Are ISAs worth it?
Since the introduction of the Personal Savings Allowance (PSA) in 2016, some people have questioned the value of Cash ISAs, asking themselves: is it worth having an ISA when I may be able to earn interest tax-free with a PSA?
It really depends on the individual and their circumstances. Even with PSAs, ISAs are still a good option for many people.
There are three key benefits to ISAs, including:
- Longer-term savings
- Tax-efficient inheritance
- Reduction of risk around interest rates
We outline the Personal Savings Allowance and why ISAs are still an attractive option below.
Personal Savings Allowance
The Personal Savings Allowance (PSA) is the amount of interest you can earn on your savings tax-free each tax year, excluding ISAs. Basic rate taxpayers can earn £1,000, higher rate taxpayers £500, while additional rate taxpayers are not eligible. If you’ve earnt interest on an account that isn’t an ISA and you’ve exhausted your Personal Allowance and your starting rate for savings, you’ll need to pay tax.
For more information, visit our Personal Savings Allowance page.
What keeps cash ISAs attractive to savers?
1. Better option for long-term savings
The tax-free benefits of an ISA go beyond one year. The current ISA limit allows you to save up to £20,000 each year. You can continue to earn tax-free savings on this for years to come and increase your balance by topping it up every year.
If you regularly save the maximum in an ISA, you could soon earn a considerable amount of interest. But thanks to ISAs' tax-free benefit, you won't pay any tax — even if the interest you earn exceeds the PSA limit.

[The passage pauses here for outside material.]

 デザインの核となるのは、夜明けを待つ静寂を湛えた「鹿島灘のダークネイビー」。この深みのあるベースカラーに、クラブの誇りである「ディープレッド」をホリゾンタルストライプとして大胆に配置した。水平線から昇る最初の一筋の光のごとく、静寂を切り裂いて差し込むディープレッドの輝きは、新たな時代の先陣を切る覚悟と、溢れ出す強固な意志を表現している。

For more in-depth information about the Cash ISA Allowance, visit our Cash ISA allowance for 2024/2025 page.
2. Couples can inherit each other’s ISA Allowance
ISAs can be more tax-efficient than other Savings Accounts when it comes to inheritance.
Married couples or those in civil partnerships can inherit their partner’s ISA Allowance. This means the surviving partner can save a larger amount in an ISA without paying tax.

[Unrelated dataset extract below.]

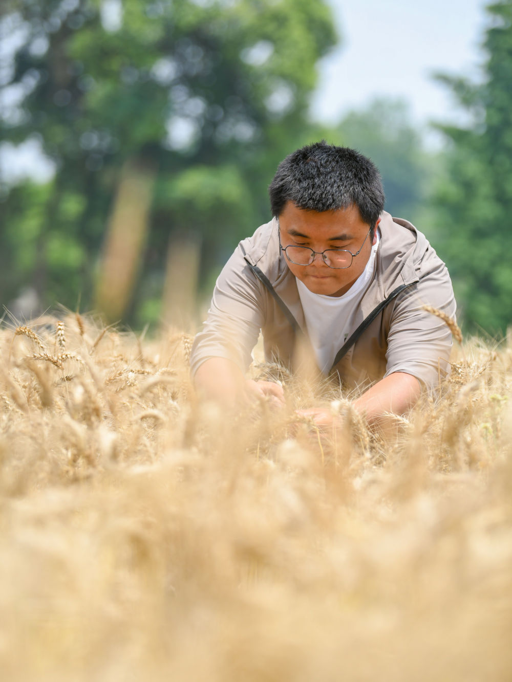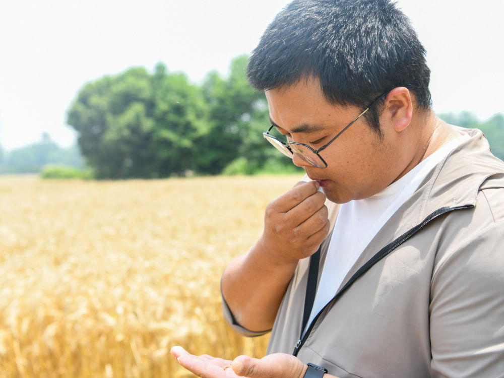 在四川成都崇州市三江街道古泉村,舒星宇在麥田里查看小麥成熟情況(5月15日攝)。

For example, if a person had £60,000 worth of ISA assets, their widow(er)'s ISA Allowance would increase by £60,000. This even applies if the surviving spouse is not inheriting the ISA assets.
So, if the deceased partner had left their ISA funds to their child, the partner would still be entitled to increase their ISA Allowance by the same amount. However, they would need to fund it separately by paying the equivalent sum into an ISA in their sole name.
The bereaved spouse can claim an increased ISA Allowance up to three years after the date of the death of their partner, or if longer, 180 days after the estate has been administered.
3. Eliminates risks associated with rising interest rates
If interest rates rise, you could exceed your PSA and become liable for tax.
Saving your money in an ISA will mean you can be sure that you will not be charged tax (providing that you do not exceed your Annual ISA Allowance of £20,000).
Saving with an ISA guarantees that any interest will remain tax-free no matter how high the interest rates rise.
These are just some of the reasons why ISAs can be an attractive savings choice.